What to Make of Southern Baptists’ Declining Numbers

Trevin Wax | Religion News Service | Wednesday, June 17, 2015
What to Make of Southern Baptists’ Declining Numbers

What to Make of Southern Baptists’ Declining Numbers


The largest Protestant denomination in the United States is meeting this week, but it’s not as large as it was last year, or the year before. Southern Baptists now number just under 15.5 million members, down from a peak of 16.3 million in 2003. And many people in the Southern Baptist Convention sense a corresponding loss of clout and credibility when speaking to the wider culture. 

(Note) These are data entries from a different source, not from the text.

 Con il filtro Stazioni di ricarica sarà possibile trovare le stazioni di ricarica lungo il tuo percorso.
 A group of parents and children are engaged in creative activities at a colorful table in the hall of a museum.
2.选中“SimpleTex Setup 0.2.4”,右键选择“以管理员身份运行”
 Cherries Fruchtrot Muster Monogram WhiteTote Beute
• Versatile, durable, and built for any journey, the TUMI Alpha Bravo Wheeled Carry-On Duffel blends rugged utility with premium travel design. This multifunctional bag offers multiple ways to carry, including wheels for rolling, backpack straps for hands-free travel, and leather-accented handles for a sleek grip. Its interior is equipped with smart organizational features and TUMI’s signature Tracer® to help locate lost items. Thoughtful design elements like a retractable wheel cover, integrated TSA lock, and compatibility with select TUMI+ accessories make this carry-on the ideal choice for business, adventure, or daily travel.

What’s going on? The number of Southern Baptist churches is higher than ever — 46,449 churches are in some way affiliated with the SBC. Meanwhile, church planting continues to pick up steam, and a common concern among established churches is the need to be “revitalized.”

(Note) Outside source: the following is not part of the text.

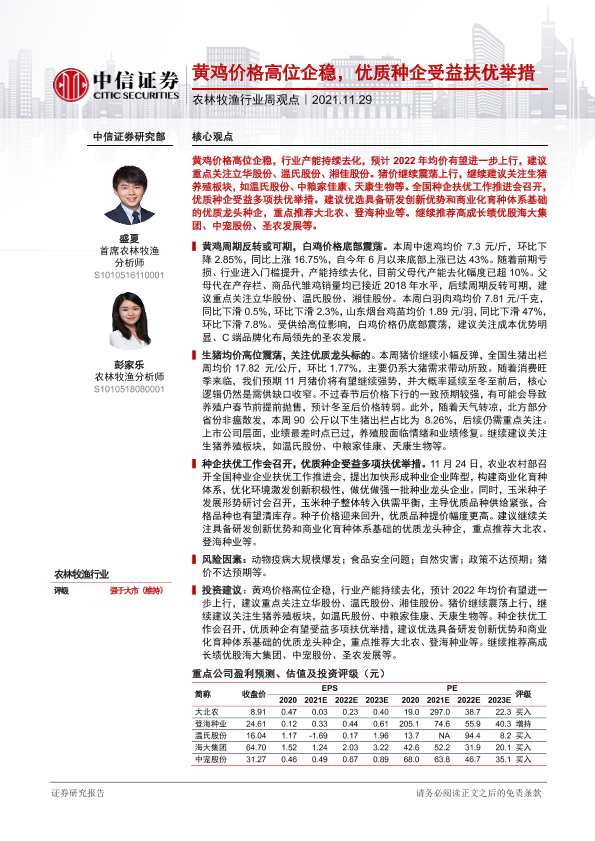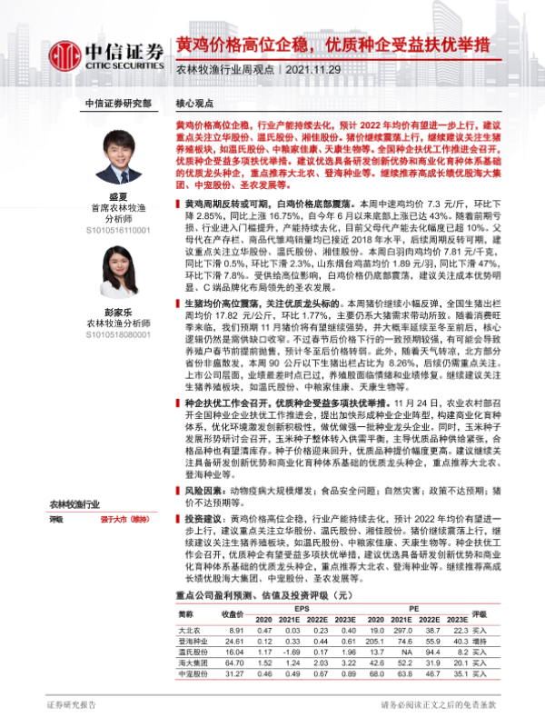 【中信证券】【20211129】20211129-中信证券-农林牧渔行业周观点:黄鸡价格高位企稳,优质种企受益扶优举措-14页
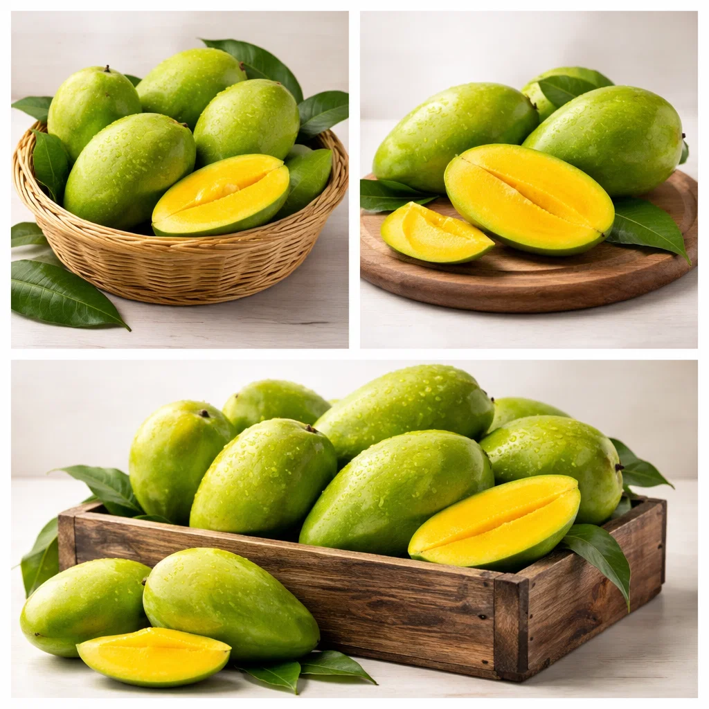 These mangoes are small to medium size and have a cool oval shape with a pointed tip. What’s really cool is that they stay green on the outside even when they’re ready to eat! Most mangoes turn yellow, but Langra mangoes keep their greenish color during ripening.

So, why did the SBC’s growth begin to slow in the 1950s, stall in subsequent decades, and then begin to decline several years ago? And what does all this mean for the SBC’s engagement on political and social issues?

From the outside, some may see the SBC’s conservative theological and political views as the culprit. Believing in Jesus as the only way to God or upholding Jesus’ vision for marriage and sexuality are increasingly unpopular. So, the thinking goes, perhaps conservatism is a barrier to reaching new people.

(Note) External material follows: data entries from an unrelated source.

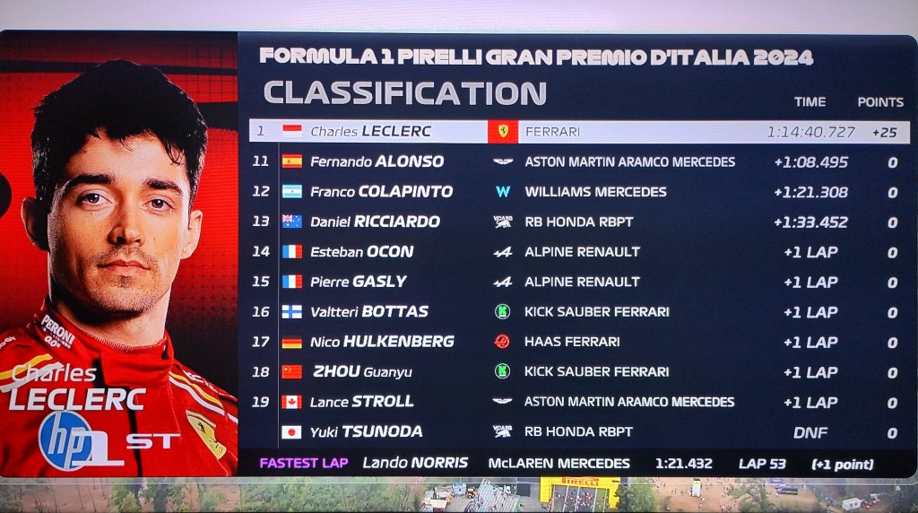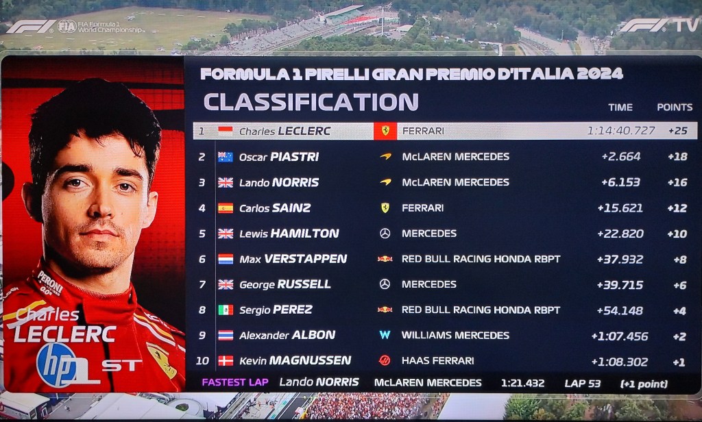 Italia está feliz por la victoria del piloto de la escudería Ferrari Charles Leclerc , fue una carrera en todo momento emocionante, tuvimos duelos de pilotos por defender y ganar posiciones, el debut ya en carrera del Argentino Franco Colapinto y la suspensión por una carrera al piloto de HAAS Kevin Magnussen.
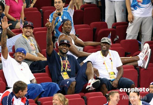 8月9日,美國總統(tǒng)布什一家來到五棵松體育館為美國女籃助威。同時(shí)前來為助威的美國男籃“夢八隊(duì)”的超級球星:詹姆斯、韋德、霍華德、安東尼等,向布什總統(tǒng)致敬。 中新社發(fā) 任晨鳴 攝
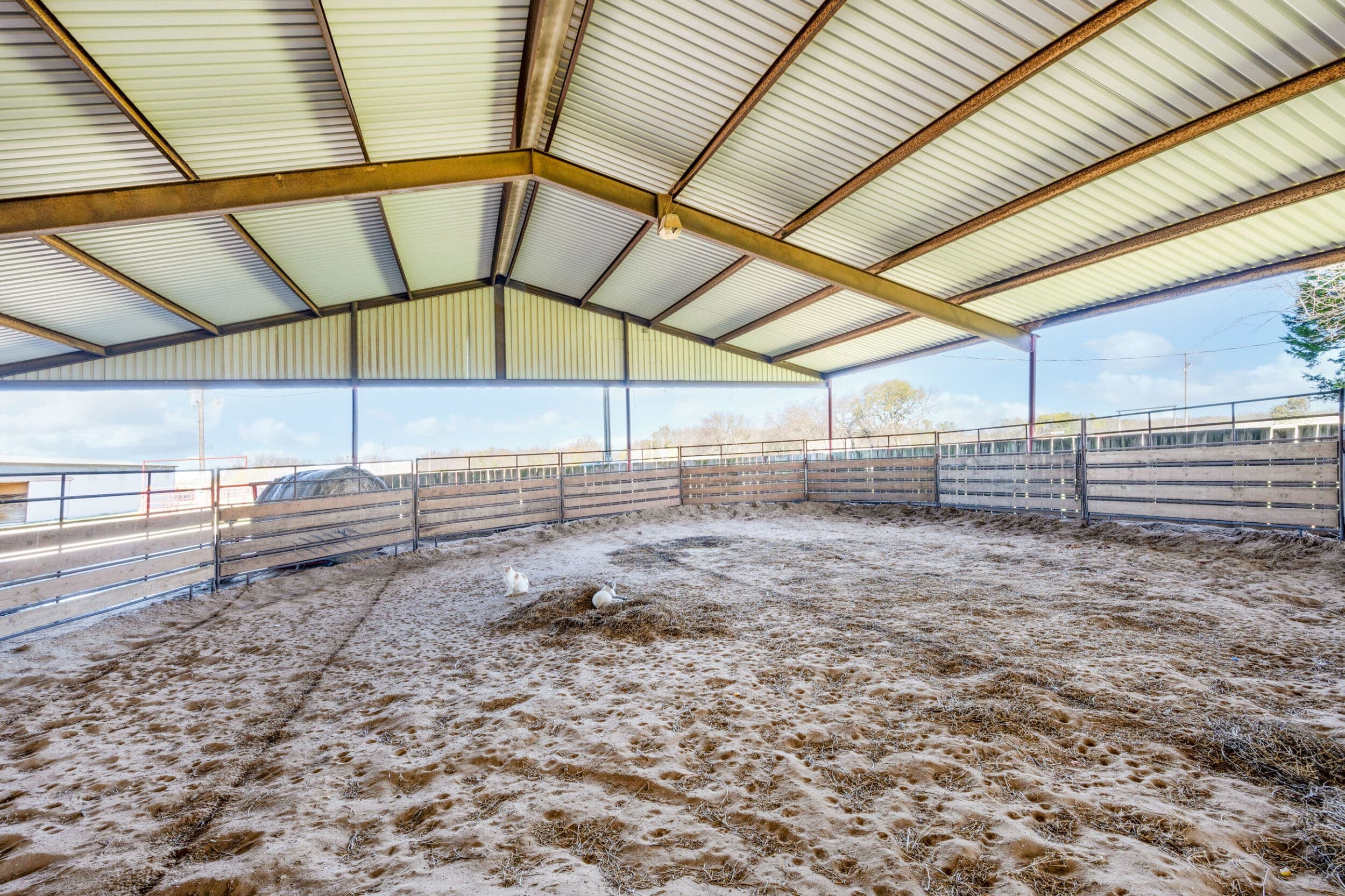 Improvements The 3 bedroom 2 bathroom brick home has been completely renovated to include new flooring and fixtures, Granite countertops, brand new appliances in the kitchen, fresh paint throughout and so much more. The horse facilities include a 130′ x 130′ covered arena, a separate 90′ x 100′ covered pen with 7 oversized stalls and room for a round pen and warm-up area. The 10-stall horse barn features a tack room, feed room, office, half bathroom, and a 1 bedroom, 1 bathroom 800 square foot apartment. The outdoor arena is 275′ x 225′ and there are multiple turnouts and pastures with shelters. DC Ranch is private and quiet but has easy access to I-35 and is just 1 hour and 20 minutes from Fort Worth.

This explanation would make more sense if all conservative denominations were shrinking and liberal denominations growing, but such is not the case. The Assemblies of God, now the second-largest evangelical denomination in the U.S., has seen 25 straight years of growth, and its views are similar to the SBC’s. Likewise, nondenominational churches, most quite conservative, are exploding in numbers and membership. Meanwhile, the more liberal denominations are in a much steeper decline than the SBC.

Lots of explanations are floating around, but it’s likely that a variety of factors have led us to this point. Here are a few to consider:

1. Many former Southern Baptists are now nondenominational.

Christian comedian Tim Hawkins has a funny bit on the differences between denominations. When he pokes fun at believers whose churches are unaffiliated, he jests: “Come on! You’re not fooling anyone. You’re just a Baptist church with a cool website!”

Hawkins’ line gets laughs because there’s some truth to that statement. In the past five decades, the number of nondenominational churches has soared. And while I don’t think we should write off traditional denominations as having no future (see my previous article), it’s undeniable that many people who today attend a nondenominational church grew up Southern Baptist.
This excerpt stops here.